His initial intentions were unsuccessful, when he saw that factories made clothing under a variety of brands.

"That ended as something not as easy as I thought," he said.

Eckstrom said he found that each maquila - foreign factories in Latin American which make export clothing - contracts to different American clothing companies all the time.

"One misconception I had was Wal-Mart might just contract with one factory," he said. "What I found was these contracts were much more fluid."

Eckstrom, who is fluent in Spanish, talked to workers on his visit to Managua, the country's capital. The factories were located on a strip called the Free Trade Zone.

"These contracts change a lot, there is a decent chance Nike had a contract with one of the factories in the Free Trade Zone," he said.

Eckstrom, a neuroscience graduate student and last year's Students Against Sweatshops president, went to investigate factory working situations in the Third World country from Mar. 10 to 20.

Along with a group of 19 college students from around the country and one Rolling Stone reporter, the group also met with factory owners, the American ambassador, the Nicaraguan Minister of Labor, union representatives and the workers themselves.
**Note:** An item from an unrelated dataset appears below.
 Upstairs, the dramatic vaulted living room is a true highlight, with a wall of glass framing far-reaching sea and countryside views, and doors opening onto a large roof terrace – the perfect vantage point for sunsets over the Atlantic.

He also spent the night at two maquila workers' homes. Eckstrom described one of the homes as a dirt-floor shack with water and electricity shutting off sporadically during the day. He said he could see the country's poor conditions as soon as he stepped off the plane.
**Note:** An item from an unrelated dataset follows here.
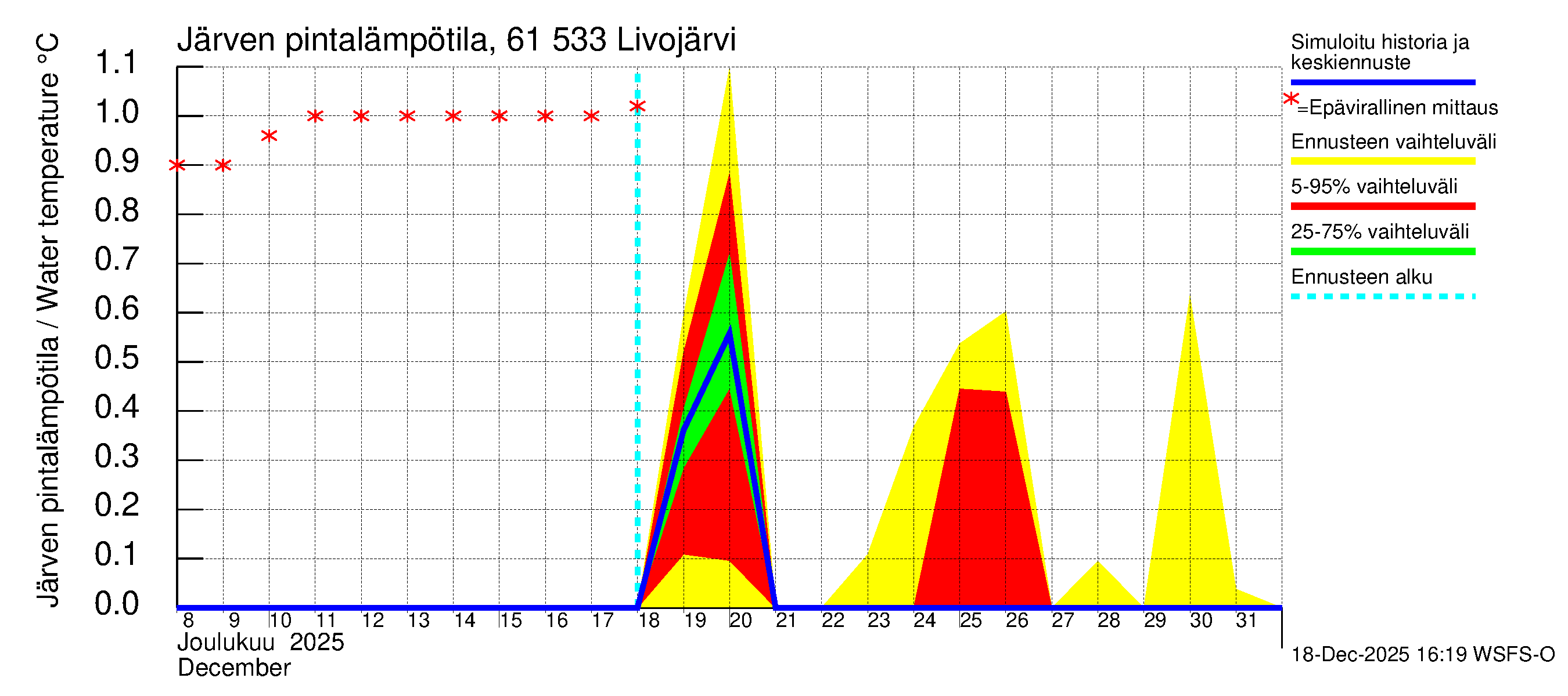 Iijoen vesistöalue - Livojärvi: Järven pintalämpötila

"It's a very, very impoverished country, the first thing you experience are kids without shoes knocking at your taxi door, begging for 10 cents," Eckstrom said.

Duke University's SAS chapter organized the observation trip in conjunction with Witness for Peace - a non-political group similar to Amnesty International.

Eckstrom said these constant contract changes call for more need to locate factories.

"That argues strongly for systems like the WRC (Worker Rights Consortium)," Eckstrom said. "This is one of the reasons we need full disclosure."

SAS set Friday as the deadline for UA President Peter Likins to read the 75-page book he was given and make a decision to stay with the Fair Labor Association or to seek an alternative factory monitoring system, such as the WRC.

The book describes Nike's relationship with human rights, independent factory monitoring and includes an FLA critique.

Noah Knauf, vice president of the Associated Students Appropriations Board, said he opposed the $150 ASUA gave Eckstrom to finance the trip.

"In my opinion, it violated our bylaws," he said. "The information obtained would ultimately influence the affairs of the Senate."

Knauf added this is the first time ASUA has given money to a graduate student. However, he said it was good that Eckstrom got the funds.

"I'm happy to see he got the money," Knauf said.

Eckstrom got $250 from the University of Arizona Human and Labor Rights Task Force plus funds from Witness for Peace and his family's friends.

UA law professor Andrew Silverman, a Task Force member, said giving Eckstrom the money wasn't a problem for the Task Force.

"I'm in favor of anyone going and looking at the conditions, educating themselves and passing on the information to others," he said.